I tried Klaus unprotect symbols code, but nothing was found or modified.

This is what I am doing now which works, but it is slow in large documents because it has to process all of the valid capital A characters along with the rogue ones :-(


Sub ScratchMacro()
'A basic Word macro coded by Greg Maxey
Dim oRng As Word.Range
Set oRng = ActiveDocument.Range
With oRng.Find
.Text = "A"
.MatchCase = True
While .Execute
If oRng.Text = Chr(40) Then
oRng.Text = Chr(34)
End If
oRng.Collapse wdCollapseEnd
Wend
End With
Set oRng = ActiveDocument.Range
With oRng.Find
.Text = "@"
.MatchCase = True
While .Execute
If oRng.Text = Chr(40) Then
oRng.Text = Chr(34)
End If
oRng.Collapse wdCollapseEnd
Wend
End With
End Sub

Jay Freedman
12-09-2013, 07:17 PM
Greg, I'd like to poke at this some more. Can you share the document with me? Thx, Jay

gmaxey
12-09-2013, 07:31 PM
Jay,

Some sample text with all the issues is on the way sepcor via e-mail.

macropod
12-09-2013, 07:49 PM
Hi Greg,

If you select the problem characters then use Insert|Symbol, Word should display them and their Unicode values - that's what you need to use for the Find expression (I'm suspecting FF20 (@) & FF21 (A), which you can insert into your Find expression as ChrW(65312) & ChrW(65313) or as ChrW(&HFF20) & ChrW(&HFF21)).

gmaxey
12-09-2013, 08:10 PM
Paul,

No joy. I tried those codes explicitly as well as Klaus Linke's code to find a wide range of characters. The only thing that finds them is the code posted earlier or this variation:


Sub ScratchMacroII()
'A basic Word macro coded by Greg Maxey
Dim oRng As Word.Range
Set oRng = ActiveDocument.Range
With oRng.Find
.Text = ChrW(65)
.MatchCase = True
While .Execute
If oRng.Text = Chr(40) Then
oRng.Text = Chr(34)
End If
oRng.Collapse wdCollapseEnd
Wend
End With
Set oRng = ActiveDocument.Range
With oRng.Find
.Text = ChrW(64)
.MatchCase = True
While .Execute
If oRng.Text = Chr(40) Then
oRng.Text = Chr(34)
End If
oRng.Collapse wdCollapseEnd
Wend
End With
End Sub


Its like they have a Chr value of the symbol they represent on the screen, but an Asc value of 40.

Sample file attached.

Jay Freedman
12-09-2013, 08:27 PM
Paul, in the sample that Greg sent, selecting the character and opening the Insert|Symbol dialog just displays the A and @ characters, as if they were typed from the keyboard, but ?AscW(Selection.Text) does return decimal 40.

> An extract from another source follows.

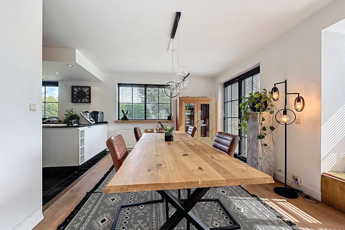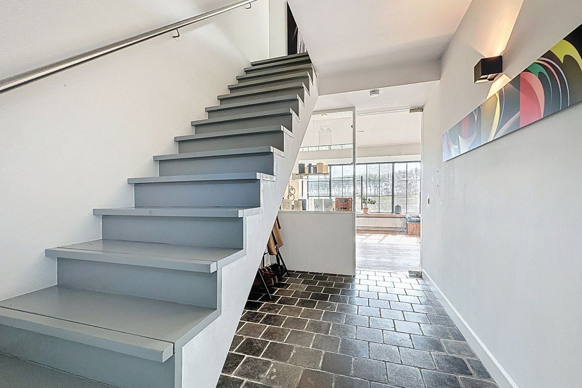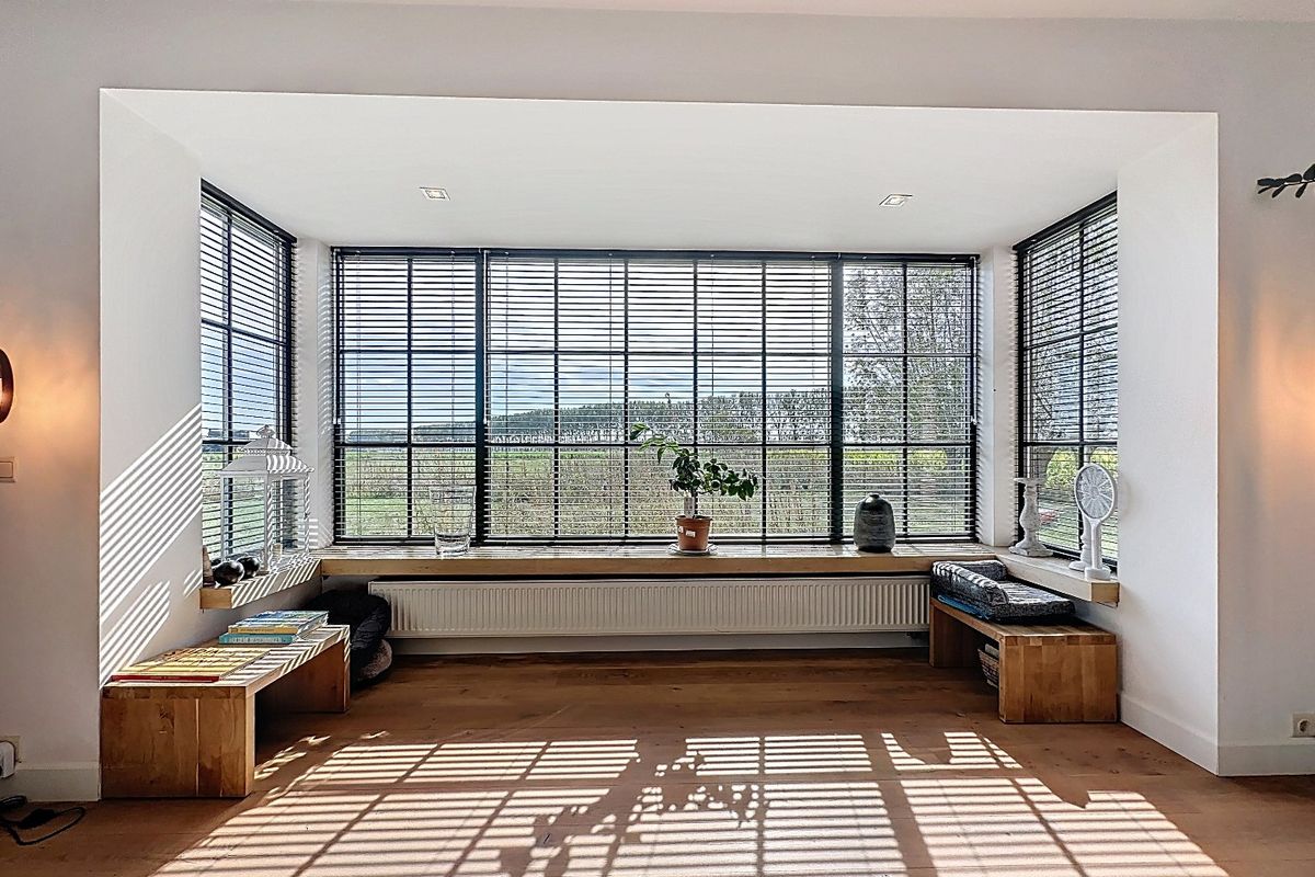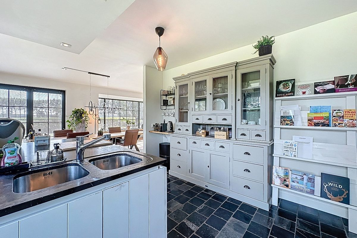 Via de hal met een prachtige natuurstenen tegelvloer kom je via een glazen deurwand in de lichtrijke en ruime U-vormige woonkamer—een echte eyecatcher met openslaande deuren naar de tuin en een grote raampartij die het schitterende landschap naar binnen haalt. De parketvloer en een sfeervolle open haard zorgen voor een warme, uitnodigende sfeer.

Also, the searches for ChrW(&HFF20) and ChrW(&HFF21) don't find the characters. In fact, the following macro finds nothing in the upper Unicode range in the document:


Sub x()
Dim rg As Range
Set rg = ActiveDocument.Range
With rg.Find
.MatchWildcards = True
.Text = "[" & ChrW(&HF020) & "-" & ChrW(&HF0FF) & "]"
While .Execute
rg.Select
Stop
Wend
End With
End Sub

In other words, this is not behaving like a symbol inserted by Word. The converter has done a nasty bit of work.

macropod
12-09-2013, 10:35 PM
hi Greg,

You might be able to achieve you goal with the following, interactive code:

Sub Demo()
Dim StrTmp As String, Rslt
With ActiveDocument.Range
With .Find
.ClearFormatting
.Replacement.ClearFormatting
.Text = "<" & ChrW(65) & "[!" & ChrW(65) & "]{1,}"
.Replacement.Text = ""
.Forward = True
.Wrap = wdFindStop
.Format = False
.MatchWildcards = True
.Execute
End With
Do While .Find.Found
StrTmp = .Text
StrTmp = Left(StrTmp, InStrRev(StrTmp, "("))
.End = .Start + InStrRev(StrTmp, "(")
.Select
Do While Rslt <> vbCancel
Rslt = MsgBox("Extend (Yes), Contract (No) or Process (Cancel)?", vbYesNoCancel)
If Rslt = vbYes Then
With Selection
.MoveEndUntil cset:="(", Count:=wdForward
.End = .End + 1
End With
End If
If Rslt = vbNo Then
With Selection
.End = .End - 1
.MoveEndUntil cset:="(", Count:=wdBackward
End With
End If
Loop
Rslt = vbNullString
.End = Selection.End
.Characters.First = Chr(34)
.Characters.Last = Chr(34)
.Collapse wdCollapseEnd
.Find.Execute
Loop
End With
Application.ScreenUpdating = True
End Sub
The code executes a Find, then runs a message box soliciting a user response. Unfortunately, with only three message box options, it's a bit limiting & counterintuitive.

Frosty
12-11-2013, 09:20 AM
Just jumping in a little... But I'm assuming there is no font name information. In years past, some conversion process from word perfect would leave a different font applied to just that character (WP Typographical Symbols, or something).

Quick stab in the dark...

Frosty
12-11-2013, 09:35 AM
Greg,
Shoot me the sample document too. Although in curious-- is the original in .doc, .docx, or .docx while maintaining compatibility with previous versions?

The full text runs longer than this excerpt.